Self-contained, thought Romeo. He admired Sterling Chance. For the first time since, well, since Mrs. Peace was his teacher, Romeo truly wanted something other than reliable pathways to oblivion. He wanted this job. Not just a measly part-time intermittent job, but a full-time job. True, his motives were sketchy. Drugs and vengeance. But why quibble with a budding work ethic? There was no question that this job would make his old drug sources look pathetic. Never again would he have to suffer the indignation of crisscrossing side effects. And information? If he did get information on this job, it would be information he would keep until he really needed it — sad information. But information so rare and shocking that maybe, perhaps, you could use it to blackmail a person for life. Which was a satisfying thought when you’d previously failed to kill that person.

FIGHTING OFF, OUTWITTING, burning, even leaving food behind for the head to gobble, just to slow it down, the girl, Wolfred, and the dog traveled. They wore out their snowshoes. The girl repaired them. Their moccasins shredded. She layered the bottoms with skin and stuffed them inside with rabbit fur. Every time they tried to rest, the head would appear, bawling at night, fiery at dawn. So they moved on and on, until, at last, starved and frozen, they gave out.

The small bark hut took most of a day to bind together. As they prepared to sleep, Wolfred arranged a log on the fire and then fell back as if struck.
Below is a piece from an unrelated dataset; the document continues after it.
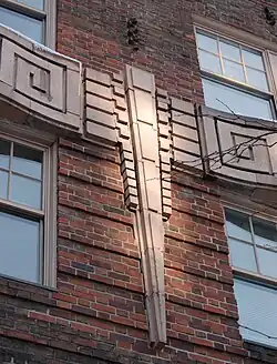 2 Horatio Street is rendered in red and brown brick. It has Art Deco references that include four horizontal, terra cotta decorations using greek key motifs at the fourth and sixteenth floors and circle-in-square motifs at the cornice. Overall, the building is not interestingly ornamented, the primary features being rusticated bricks at the corners and balconies under the 15th floor windows. In addition, the penthouse has a tower with terra cotta ornamentation.[14]

The simple action had dizzied him. His strength had flowed right out through his fingers into the fire. The fire now sank quickly from his sight, over some invisible cliff. He began to shiver, hard, and then a black wall fell. He was confined in a temple of branching halls. All that night he groped his way through narrow passages, along doorless walls. He crept around corners, stayed low. Standing was impossible even in his dreams. When he opened his eyes at first light, he saw the vague dome of the hut was spinning so savagely that it blurred and sickened him. He did not dare open his eyes again that day, but lay as still as possible, only lifting his head, eyes shut, to sip water the girl dripped between his lips from a piece of folded bark.

He told her to leave him behind. She pretended not to understand him.
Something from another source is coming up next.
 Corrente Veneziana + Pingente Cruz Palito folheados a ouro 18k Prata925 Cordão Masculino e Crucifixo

All day she cared for him, hauling wood, boiling broth, keeping him warm. That night the dog growled ferociously at the door, and Wolfred opened one eye briefly to see infinitely duplicated images of the girl winding her hand in a strip of blanket to grip the handle of the ax, then heating its edge red hot. He felt her slip out the door, and then there began a great babble of howling, cursing, shrieking, desperate groaning and thumping, as if trees were being felled. Every so often, silence, then the mad cacophony again. This went on all night. At first light, he sensed that she’d crept inside. He felt the warmth and weight of her curled against his back, smelled the singed fur of the dog, or maybe her hair. Hours into the day, she woke and he heard her tuning a drum in the warmth of the fire. Very much surprised, he asked her, in Ojibwe, how she’d got the drum.